The Greek Ikaria relies on the wind–water system with two water storages (3.1 MW and 1 MW), located in different towns [4,10].
Each of the solutions requires specific conditions and uses different renewable energy sources, though on the Atlantic islands, the wind energy is by far the most popular [8,9]. It is also important to select the storage capacity properly, while the installation per se should not be over-dimensioned
Examples of wind farms on the Atlantic islands are presented in Figure 1.

3. Biosphere Reserve and Gorona del Viento Project

On 10 January 2007, the European Commission presented the Climate and Energy Package to the member states, which concerned a decrease in the emission of greenhouse gases and an increase in the share of renewable energy sources in the final energy consumption and effectiveness.
The locations isolated in terms of energy include El Hierro (Isla del Meridiano), the smallest among the Canary Islands, recognised by UNESCO in the year 2000 as a biosphere reserve and geological park, and in the La Restinga region, a marine reserve was isolated (Figure 2).
The area of El Hierro is mountainous, and the landscape is diverse because of pine forests with steep cliffs (on the shore, the area reaches 1500 m above sea level) and geological formations with rock basins [34,35,36,37,38,39]. The island is scarcely populated during the entire year; the area of 278 km2 is inhabited by 7000–10,000 people (36 people per km2).
Initially, the energy demand of the island was secured by electricity produced from diesel oil. The oil in the amount of 6000 tonnes per year was transported to the island with a tanker (the costs amounted to EUR 2,000,000) [4].
According to the plans, by the year 2050, all the islands of the archipelago will be 100% supplied with renewable energy sources. The strategy provides for the 20% share of RES in the energy balance by the year 2020 and by the year 2030, this share will be 58% [8].
The aspects listed in the first section, i.e., self-sufficiency and ecology, as well as financial considerations, justified the introduction of a new energy model on the island of Gorona del Viento [40]. Its task would be to satisfy the needs of the inhabitants by means of renewable energy sources. There were plans to install a wind farm in combination with the existing UNELCO-ENDESA (This is cooperation of two companies: Empresa Nacional de Electricidad—ENDESA and Union Electric Company—UNELCO) system and the pumped hydro storage, which was supposed to fulfil the role of an energy storage in the case of wind energy scarcity.
The topography of the island is advantageous for the completion of this investment. The peak of an extinct volcano was the suitable place for the location of wind turbines. The geographical location of the island guaranteed high wind levels of 7.24–8.42 m/s [40,41]. The highest wind speed of 30.8 m/s was recorded in 2017 [40]. An additional advantage was the possibility of using the La Caldera crater as a natural (upper) reservoir of the hydro-electric power plant [40].
The first projects related to the integration of the wind park with the pumped hydro storage were developed in the 1980s.

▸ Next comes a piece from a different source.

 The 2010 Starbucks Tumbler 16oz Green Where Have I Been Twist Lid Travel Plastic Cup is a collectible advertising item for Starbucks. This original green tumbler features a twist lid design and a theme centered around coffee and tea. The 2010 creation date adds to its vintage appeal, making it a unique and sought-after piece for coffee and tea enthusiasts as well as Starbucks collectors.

Reference [42] refers to an innovative strategy of operation on the El Hierro island and obtaining a reliable and efficient energy system working exclusively using RES. The advantages of connecting a pumped storage power plant to stabilize the power supplied by a wind farm are presented. The solution allows for the regulation of the system and store large amounts of energy, and consequently reduces dependence on conventional fuel. Energy stored during windy periods can be transformed into electricity when the load exceeds the current energy generated from the wind by means of a hydraulic turbine. The results of the presented research can be extrapolated to other networks in order to estimate the needed percentage of conventional power in the system, depending on the available wind power. The terrain intended for the investment is shown in Figure 3.

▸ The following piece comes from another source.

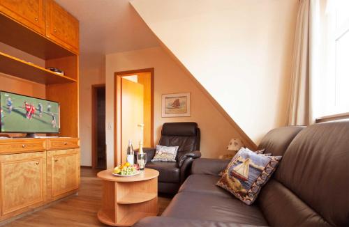 Strandburg Juist - Apartamento 301 (Ref. El 50969 es un establecimiento independiente situado en Juist, cerca del parque acuático de aventuras Juist. Este apartamento también alberga un restaurante. Este apartamento dispone de 1 dormitorio con 1 cama individual y sala de estar con 1 cama doble separada de la zona de estar. TV de pantalla plana vía satélite, zona de comedor y zona de cocina con nevera. El apartamento también dispone de zona de estar y baño. Las instalaciones de spa y bienestar incluyen sauna y piscina cubierta. El puerto de Juist está a 8 minutos a pie del Strandburg Juist - Apartment 301.
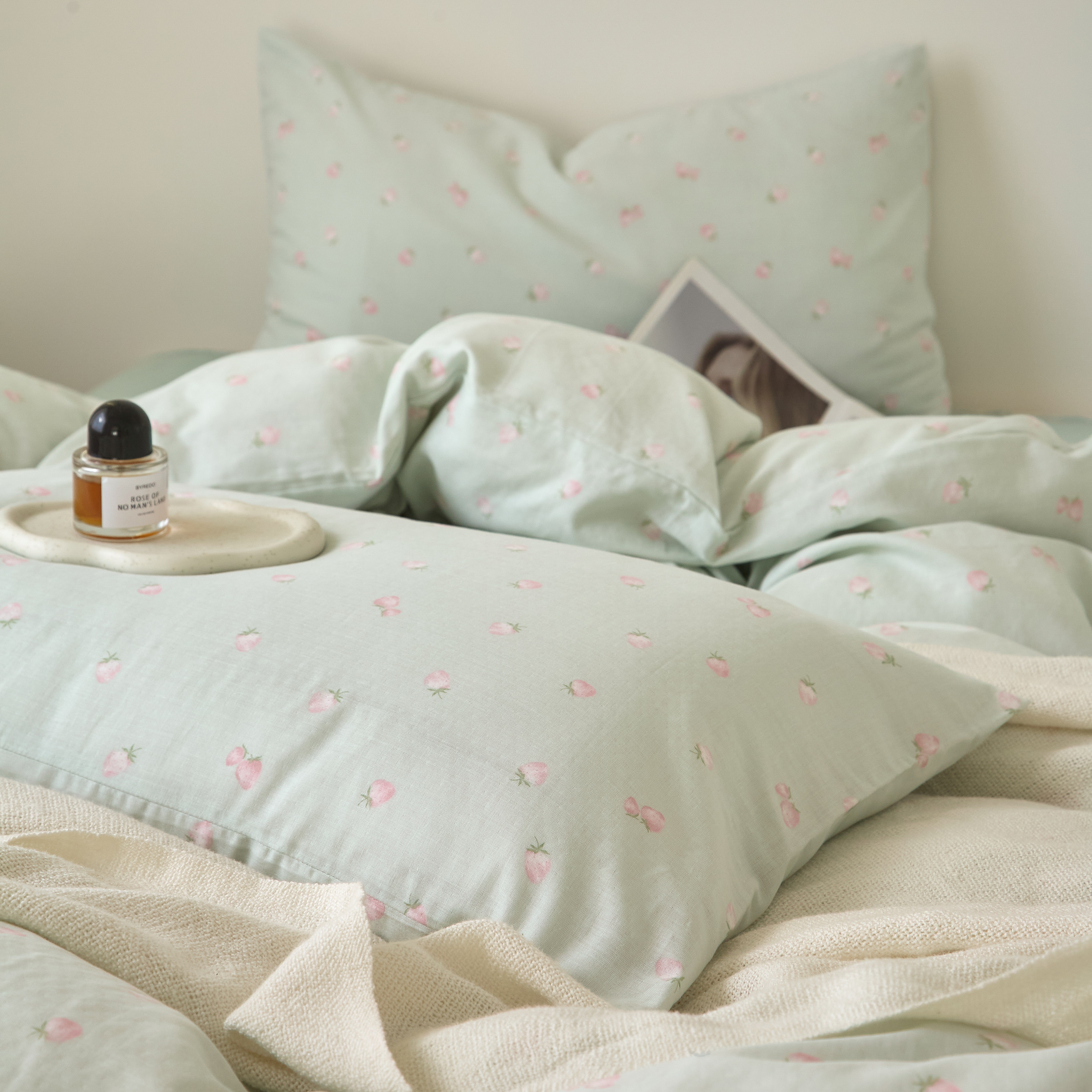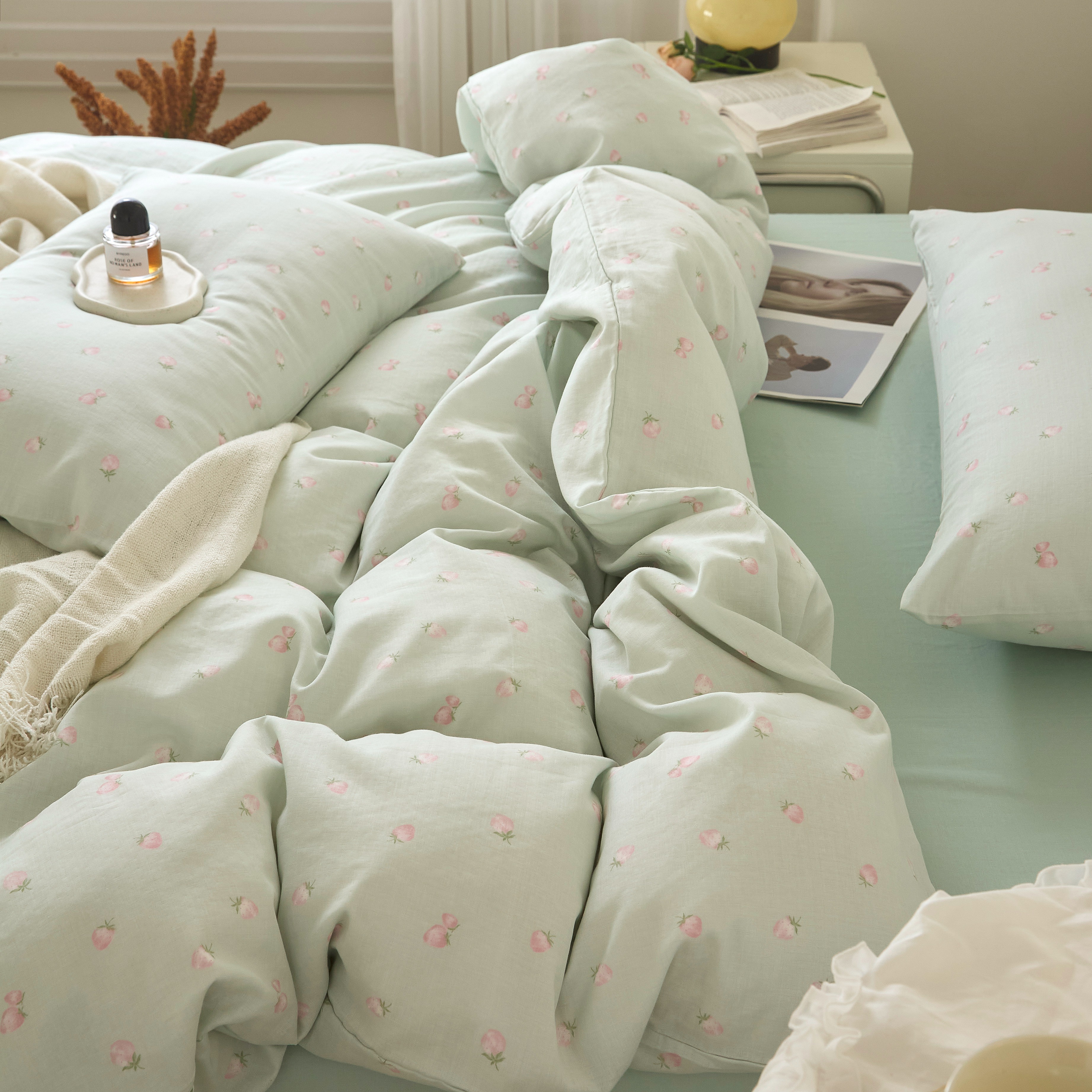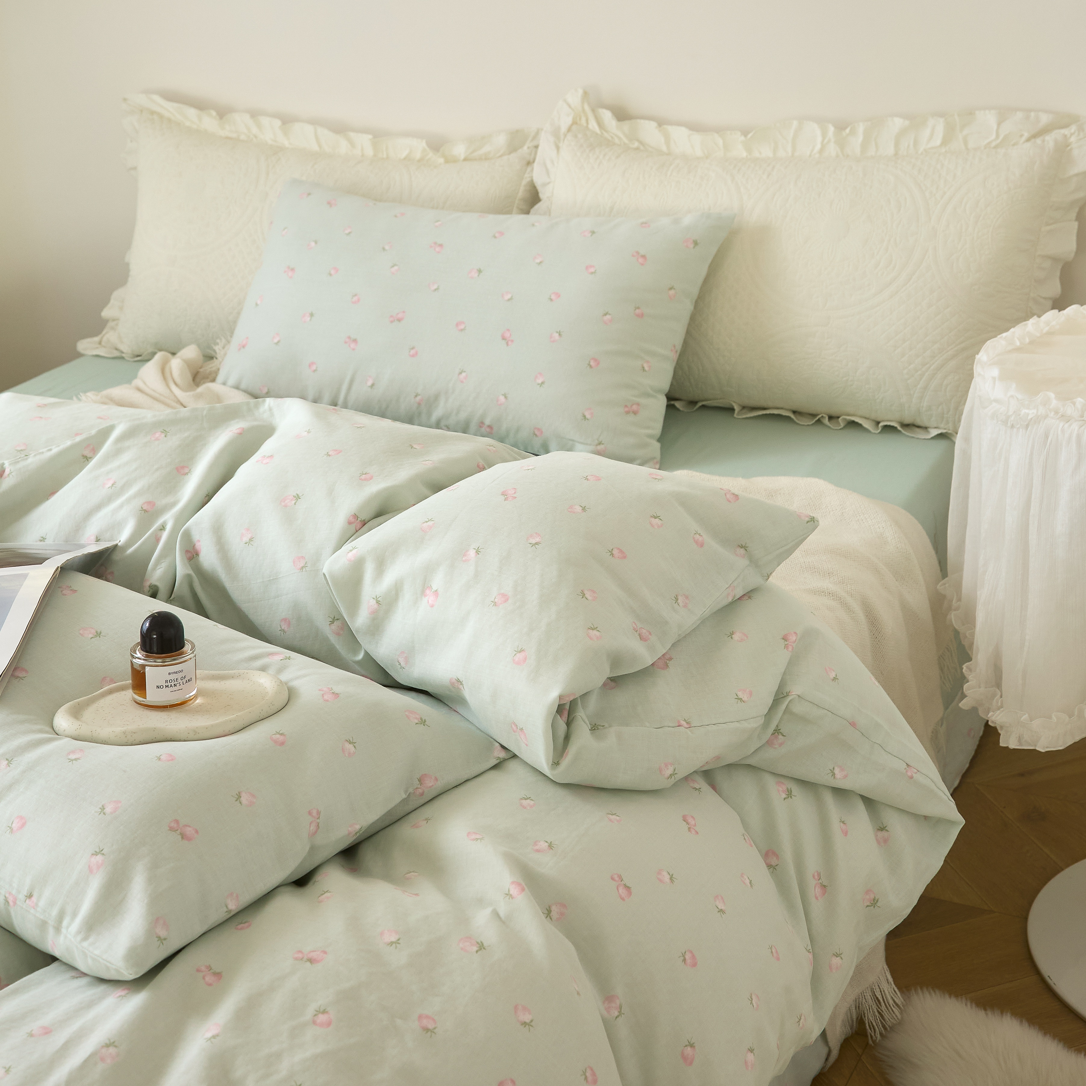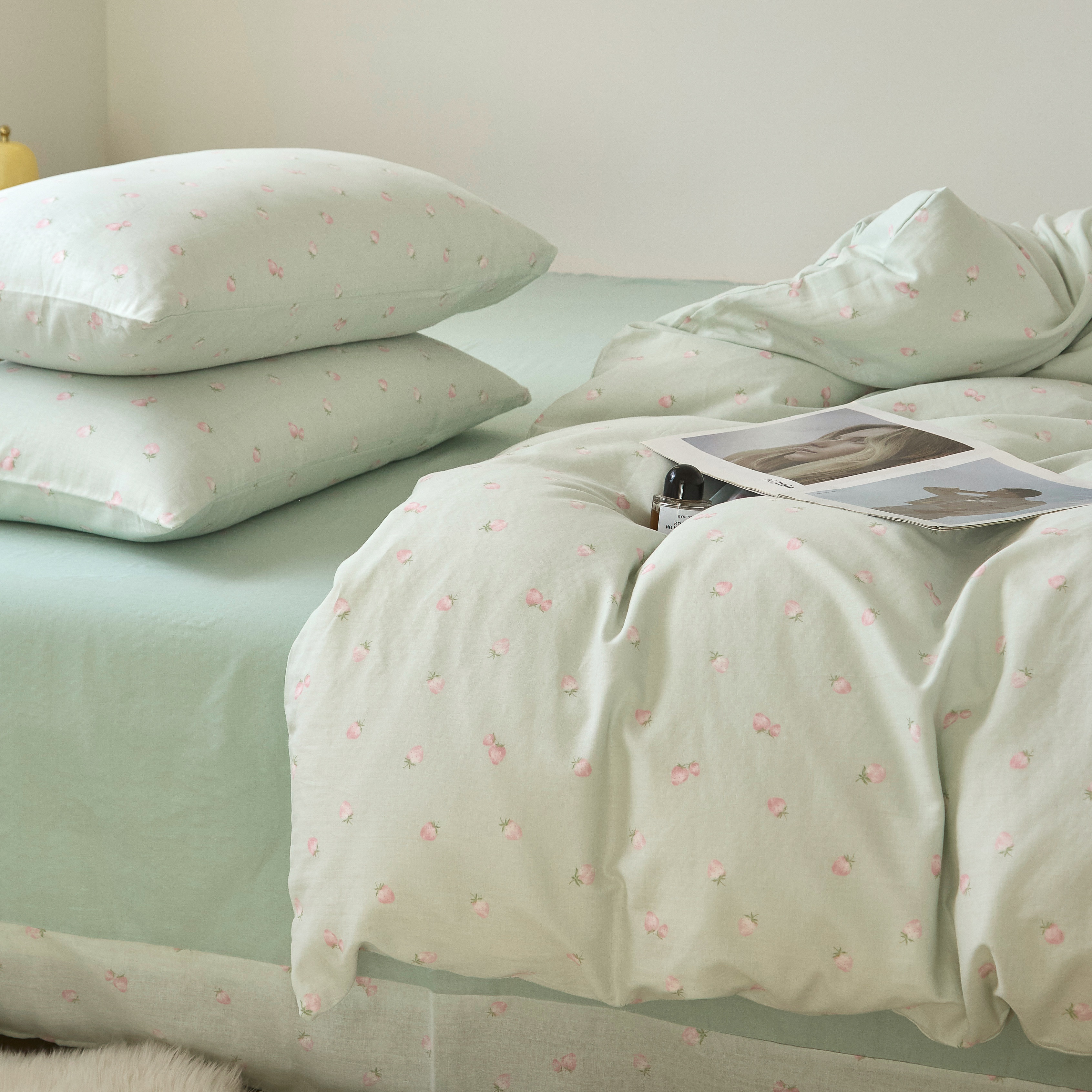 商品名称:嘉汀兰家居 2025新款圆角花边款全棉纯棉A类母婴级有氧全棉双层纱亲肤全棉小清新印花四件套 绿底草莓

The selected concept is innovative. The pumped hydro storage does not provide ”support” for the wind energy, it is rather the wind energy that ensures the pumped hydro-accumulation, allowing the functioning of the hydroelectric plant as the source of the load [43,44].
The technical feasibility study was performed and the optimal configurations of wind generators, hydraulic turbines, and devices for volumetric placement were determined. The support from the European Union as well as the central and local authorities was gained. The location of the investment co-financed from the budget of the El Hierro Island Council (65.82%), Endesa (23.21%), The Canary Islands Institute of Technology (7.74%) and the Autonomous Community of the Canary Islands (3.23%) was planned in the La Caldera Valverde district [4,40].

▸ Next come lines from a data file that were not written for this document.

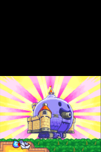 At any rate, that flute wasn’t just some trinket – blowing it will summon the majestic Schleiman tank to duel with other monsters. In each level, there multiple areas where you have to call your tank to fight another foe. In these sections, your tank is positioned on the left side of the battlefield and your opponent’s on right. Despite having treads, both are actually completely stationary. You still control Rocket in these segments, where you pick up stuff and load the ship’s cannons with ammunition to fire at the other side. You also have two friends, chosen among some of the rescued slimes, that work on auto-pilot, that can either continue to fire when you’re not around, or have their AI adjusted for other tactics. Each tank has a low and high cannon that fire in their own arc, and each projectile takes a while to reach the other tank. If a shot in the air hits an opposing shot, both fall to the ground, which means your offense is also how you defend against oncoming attacks.
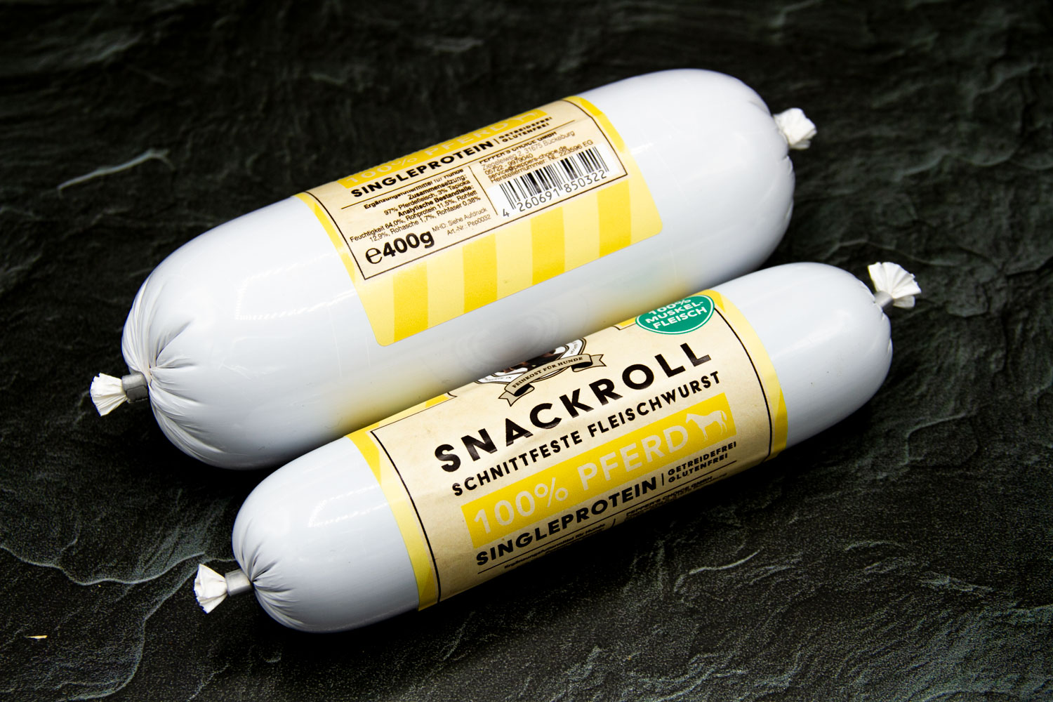 Schnittfeste Pferd-Fleischwurst für Hunde aus 100 % sortenreinem Pferde-Muskelfleisch (Singleprotein) und wenig Tapioka.
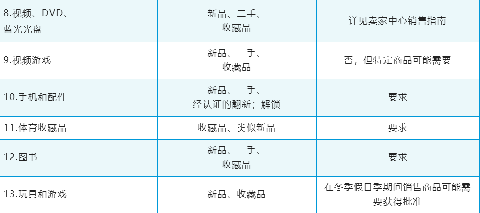 常见商品分类及质量审批要求如下(以美国站点为例)
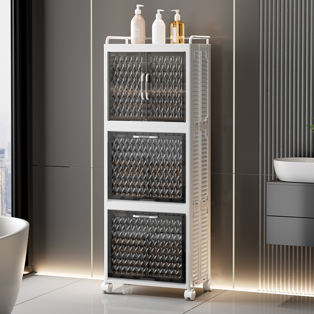 歐式摺疊分層髒衣籃收納櫃附輪-3層
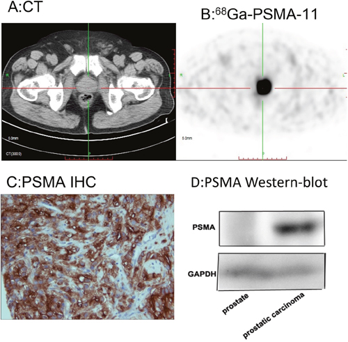 Figure 6: 68Ga-PSMA-11 PET/CT enables quantitation of PSMA expression in the primary lesion, which was consistent with histopathological analysis. 68Ga-PSMA-11 PET/CT showed high focal uptake in the primary prostatic lesion. A. CT image. B. Fusion image. C. PSMA immunostaining. D. Western blot.
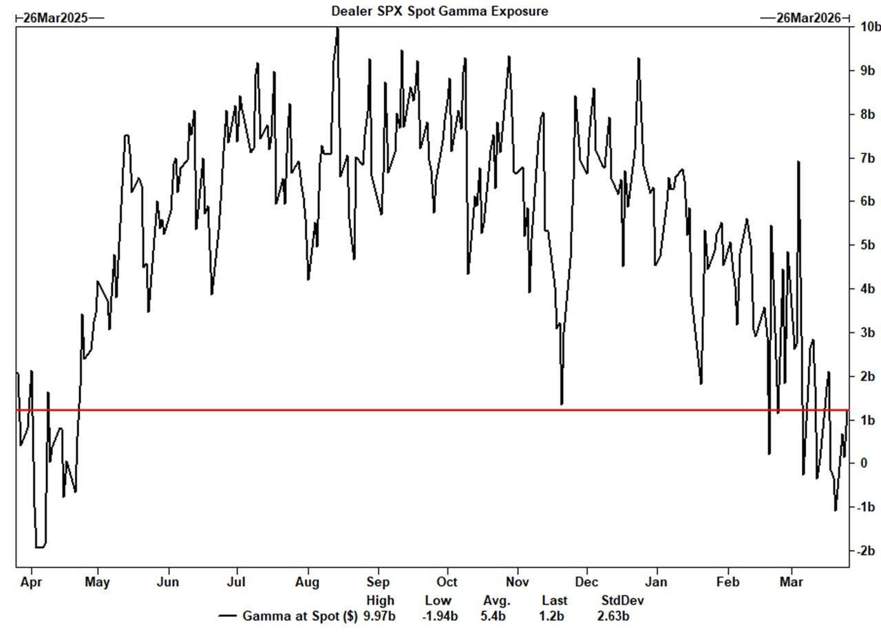 Jugar a la defensiva cuando se necesita atacar. El posicionamiento gamma de los intermediarios es prácticamente plano a nivel local, pero se acorta durante las caídas y se alarga durante los repuntes. Esto significa para las acciones estadounidenses que la actividad de cobertura de los intermediarios atenuará los movimientos alcistas del mercado, creando un obstáculo para un repunte sostenido, y los movimientos bajistas se intensificarán hasta finales de mes.

The Gorona del Viento Company was established in the year 2004. Construction works were started in the year 2009 upon obtaining a permit from the local authorities and conducting the environmental clearance [40].

4. System Arrangement and Operations Details

The finally integrated system consisted of the wind farm, the hydroelectric power station, and the pumped storage system. The wind farm was located at a distance of 2.5 km from the hydroelectric plant [45]. It must be mentioned here that this is the first such project in the power scale given in megawatts [40].
Figure 4 presents the planned layout of the facilities.
The farm consists of five ENERCON E-70 turbines (ENERCON GmbH, Name of the Company dealing with wind energy plant) with a total installed power of 11.5 MW. Electricity obtained directly from wind is used for the needs of the inhabitants and for the water desalination plant [4,40,45].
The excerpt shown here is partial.